## EXERCISE:
Images are to be excluded, and the rest of the data repeated exactly.

## GIVEN INFORMATION:
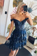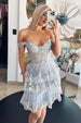 Sparkly Sliver A Line Tiered Lace Short Homecoming Prom Dress
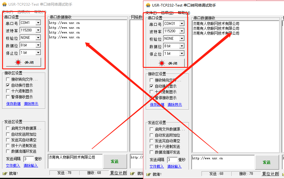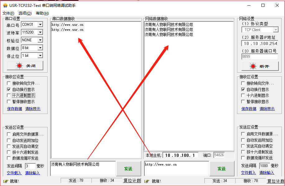 (3) 打開USR-TCP232-TEST軟件測試
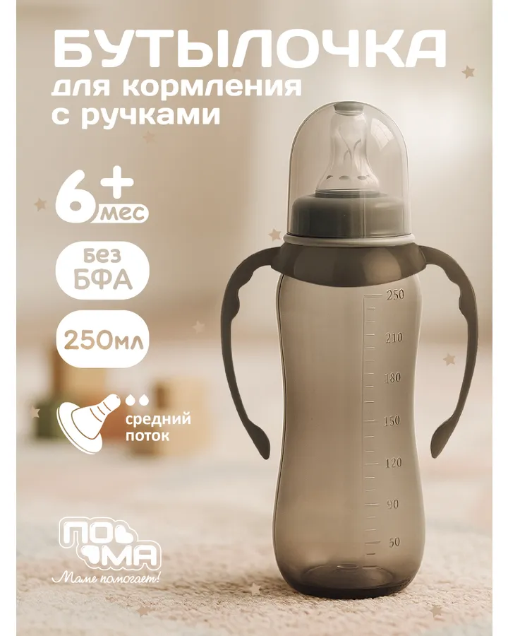 5Бутылочка Пома Easy Cup 250 мл 1 шт.Плотный пластик, удобно держать Лаконичный дизайн. Взяли такую еще зеленую Но заменили соски на 4+ того же пооизводителя. Эти плотноваты и нам тяжело из нее кушать пока
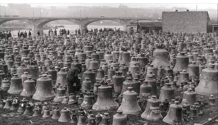 Kostelní zvony, které Němci sbírali k roztavení. Praha, 1942.
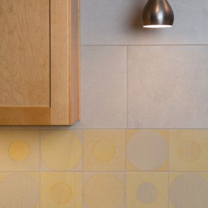 We began by absorbing the space of a little used side patio to expand the kitchen by about nine feet in length. This allowed space for a wider peninsula with a breakfast bar and space for kids to do their homework. The battered wood flooring was replaced with low-maintenance luxury vinyl plank, which has the look of wood, but is very durable to withstand the intensity of kids and pets. The existing kitchen cabinets were still in great shape with a classic design, so we reused most of them, added new hardware, and had additional matching cabinets custom made to expand the kitchen. In the original layout, a poorly placed pantry broke up the counter space, so it was moved over to one side. This provided an uninterrupted, functional workspace. Papers, homework, and office supplies received their own place in the kitchen with an office cabinet flanking the refrigerator, keeping the counters clutter-free. The finishing touch was the wide band of homemade ceramic tiles in the backsplash. This added the perfect touch of sunny color into the room.
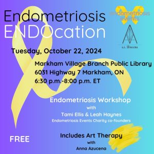 On Tuesday, October 22nd from 6:30pm-8pm at Markham Village Branch Public Library there will be an FREE Endometriosis Workshop facilitated by the registered charity, Endometriosis Events. During the workshop the co-founders will be discussing their lived experience with endometriosis, the importance of menstrual health, physical and mental well-being and self advocacy. Participants will also take part in art therapy session.
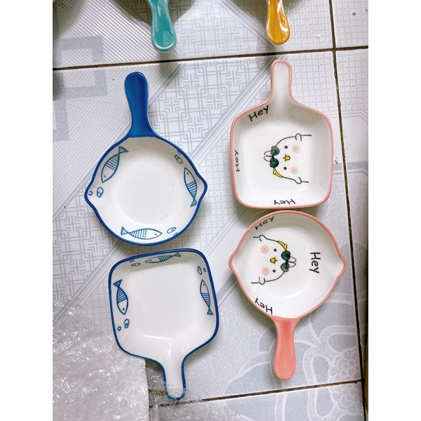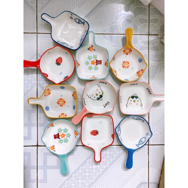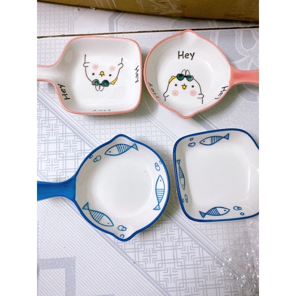 Giới thiệu (CÓ SẴN) Chén nước chấm, chén đựng đồ ăn kèm màu hồng có tay cầm phong cách dễ thương hoạt hình giá rẻ
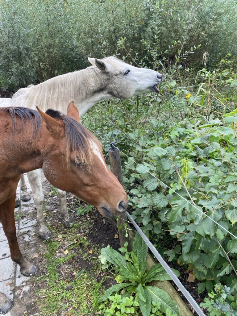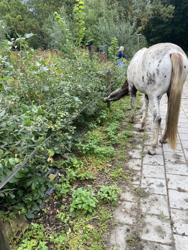 Wanneer er goed voor de paarden gezorgd wordt, moet er ook goed voor de natuur gezorgd worden. In een goed functionerend ecosysteem is alles in samenhang met elkaar even belangrijk. Begin 2025 is er daarom een begin gemaakt met de aanleg van een voederhaag. De haag is vooral ingeplant met inheemse planten en struiken die aanvullend kunnen zijn op het menu van de paarden. Het is natuurlijk ook om de biodiversiteit op de plek te verrijken. Via de organisatie Meer Bomen Nu hebben wij verschillende kansarme zaailingen ontvangen en hebben die op een kansrijke plek geplant om de haag te vormen. Aanvullend is er nog plantgoed van Buitenkweek. Een overzicht van de toegepaste soorten bevindt zich onderaan deze pagina, na de illustratieve poster over voederhagen.
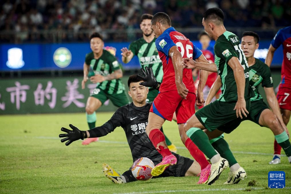 7月7日,浙江队守门员赵博(左下)封堵梅州客家队球员罗德里格的射门。新华社记者 江汉 摄
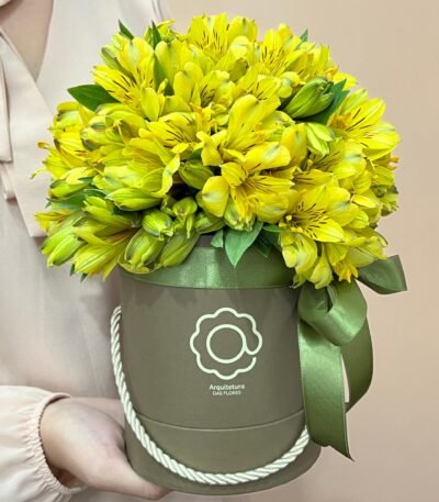 Jade – Arranjo Box de Astromelias Amarelas

## ANSWER SECTION:
 Sparkly Sliver A Line Tiered Lace Short Homecoming Prom Dress
 (3) 打開USR-TCP232-TEST軟件測試
 5Бутылочка Пома Easy Cup 250 мл 1 шт.Плотный пластик, удобно держать Лаконичный дизайн. Взяли такую еще зеленую Но заменили соски на 4+ того же пооизводителя. Эти плотноваты и нам тяжело из нее кушать пока
 Kostelní zvony, které Němci sbírali k roztavení. Praha, 1942.
 We began by absorbing the space of a little used side patio to expand the kitchen by about nine feet in length. This allowed space for a wider peninsula with a breakfast bar and space for kids to do their homework. The battered wood flooring was replaced with low-maintenance luxury vinyl plank, which has the look of wood, but is very durable to withstand the intensity of kids and pets. The existing kitchen cabinets were still in great shape with a classic design, so we reused most of them, added new hardware, and had additional matching cabinets custom made to expand the kitchen. In the original layout, a poorly placed pantry broke up the counter space, so it was moved over to one side. This provided an uninterrupted, functional workspace. Papers, homework, and office supplies received their own place in the kitchen with an office cabinet flanking the refrigerator, keeping the counters clutter-free. The finishing touch was the wide band of homemade ceramic tiles in the backsplash. This added the perfect touch of sunny color into the room.
 On Tuesday, October 22nd from 6:30pm-8pm at Markham Village Branch Public Library there will be an FREE Endometriosis Workshop facilitated by the registered charity, Endometriosis Events. During the workshop the co-founders will be discussing their lived experience with endometriosis, the importance of menstrual health, physical and mental well-being and self advocacy. Participants will also take part in art therapy session.
 Giới thiệu (CÓ SẴN) Chén nước chấm, chén đựng đồ ăn kèm màu hồng có tay cầm phong cách dễ thương hoạt hình giá rẻ
 Wanneer er goed voor de paarden gezorgd wordt, moet er ook goed voor de natuur gezorgd worden. In een goed functionerend ecosysteem is alles in samenhang met elkaar even belangrijk. Begin 2025 is er daarom een begin gemaakt met de aanleg van een voederhaag. De haag is vooral ingeplant met inheemse planten en struiken die aanvullend kunnen zijn op het menu van de paarden. Het is natuurlijk ook om de biodiversiteit op de plek te verrijken. Via de organisatie Meer Bomen Nu hebben wij verschillende kansarme zaailingen ontvangen en hebben die op een kansrijke plek geplant om de haag te vormen. Aanvullend is er nog plantgoed van Buitenkweek. Een overzicht van de toegepaste soorten bevindt zich onderaan deze pagina, na de illustratieve poster over voederhagen.
 7月7日,浙江队守门员赵博(左下)封堵梅州客家队球员罗德里格的射门。新华社记者 江汉 摄
 Jade – Arranjo Box de Astromelias Amarelas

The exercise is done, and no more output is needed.